Now create the xESMF Regridder (remapping weights):

[10]:
regrid_to_1x1 = xesmf.Regridder(grid_model.rename({'geolon': 'lon',
                                                   'geolat': 'lat',
                                                   'geolon_c': 'lon_b',
                                                   'geolat_c': 'lat_b',}), grid_1x1, 'conservative', periodic=True)
Create weight file: conservative_576x720_180x360.nc

If the source grid is global, do not forget to set periodic=True. For a regional grid, set to False.

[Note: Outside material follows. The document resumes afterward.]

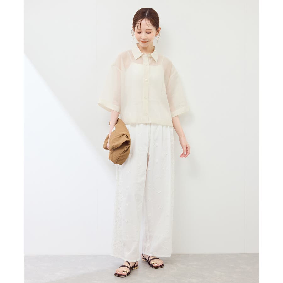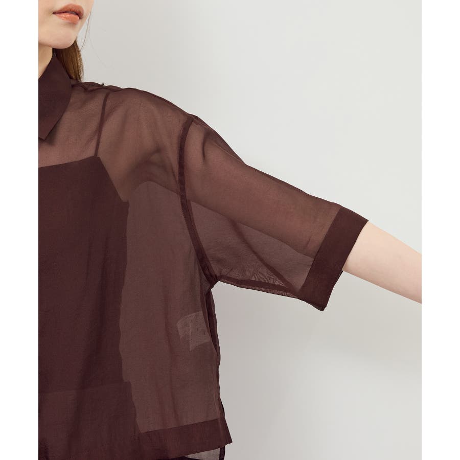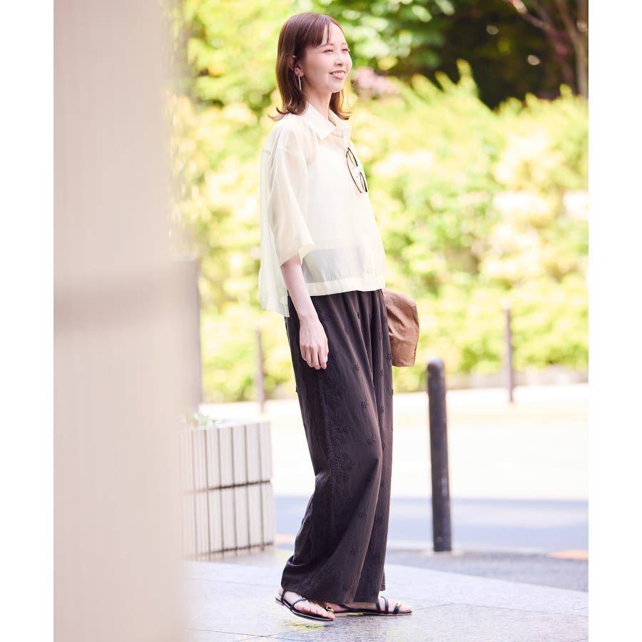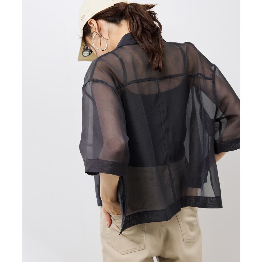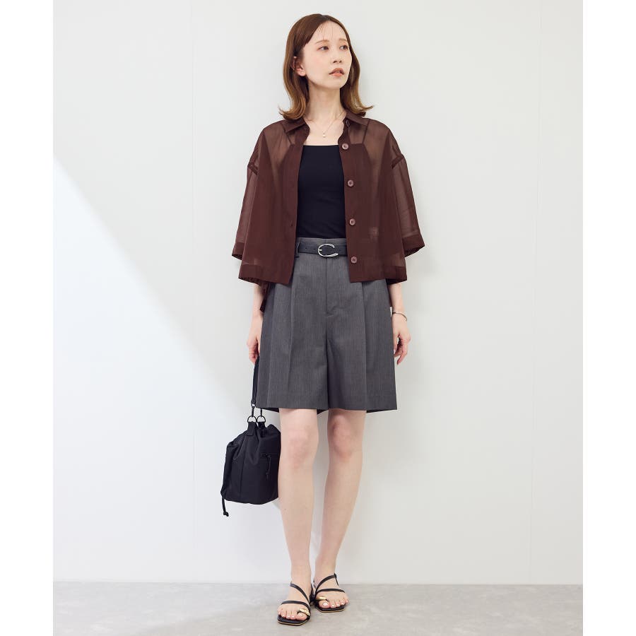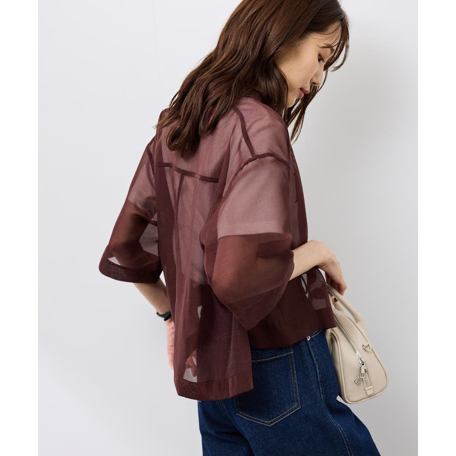 ・シアー素材&五分袖よりやや長めの袖で大胆な露出は避けながら清涼感のあるスタイルに。

We can now remap the data:

[11]:
thetao_1x1 = regrid_to_1x1(ds['thetao'])
[12]:
thetao_1x1
[12]:
<xarray.DataArray 'thetao' (time: 60, z_l: 35, y: 180, x: 360)>
dask.array<regrid_numpy, shape=(60, 35, 180, 360), dtype=float64, chunksize=(1, 1, 180, 360), chunktype=numpy.ndarray>
Coordinates:
  * z_l      (z_l) float64 2.5 10.0 20.0 32.5 ... 5e+03 5.5e+03 6e+03 6.5e+03
  * time     (time) object 2003-01-16 12:00:00 ... 2007-12-16 12:00:00
    lon      (x) float64 0.5 1.5 2.5 3.5 4.5 ... 355.5 356.5 357.5 358.5 359.5
    lat      (y) float64 -89.5 -88.5 -87.5 -86.5 -85.5 ... 86.5 87.5 88.5 89.5
Dimensions without coordinates: y, x
Attributes:
    regrid_method:  conservative

Let’s extract the SST for the first time record:

[13]:
sst_1x1 = thetao_1x1.isel(time=0, z_l=0)

Since there is no source data below 78S, ESMF fills with zeros. We can easily mask it with a where function:

[14]:
sst_plt = sst_1x1.where(grid_1x1.lat>grid_model.geolat.min())
[15]:
sst_plt.plot(figsize=[12,8], x='lon', y='lat', vmin=-2, vmax=32, cmap='jet')
[15]:
<matplotlib.collections.QuadMesh at 0x122771080>
../_images/notebooks_Horizontal_Remapping_25_1.png

Remapping onto the model grid

Let’s assume our SST at 1x1 degree is some gridded obs we want to compare on the model, we can remap using xESMF:

[16]:
regrid_to_model = xesmf.Regridder(grid_1x1, grid_model.rename({'geolon': 'lon',
                                                               'geolat': 'lat',
                                                               'geolon_c': 'lon_b',
                                                               'geolat_c': 'lat_b',}), 'bilinear', periodic=True)
Create weight file: bilinear_180x360_576x720_peri.nc
[17]:
sst_plt_model = regrid_to_model(sst_plt)

If we compare the obtained result to the original field, we find some discrepancies due to the successive remapping:

[18]:
(sst_plt_model - ds['thetao'].isel(time=0, z_l=0)).plot(figsize=[12,8], x='xh', y='yh', vmin=-2, vmax=2, cmap='bwr')
[18]:
<matplotlib.collections.QuadMesh at 0x1227c3c88>
../_images/notebooks_Horizontal_Remapping_31_1.png

There is a lot you can do with xESMF. Refer to the documentation for more examples.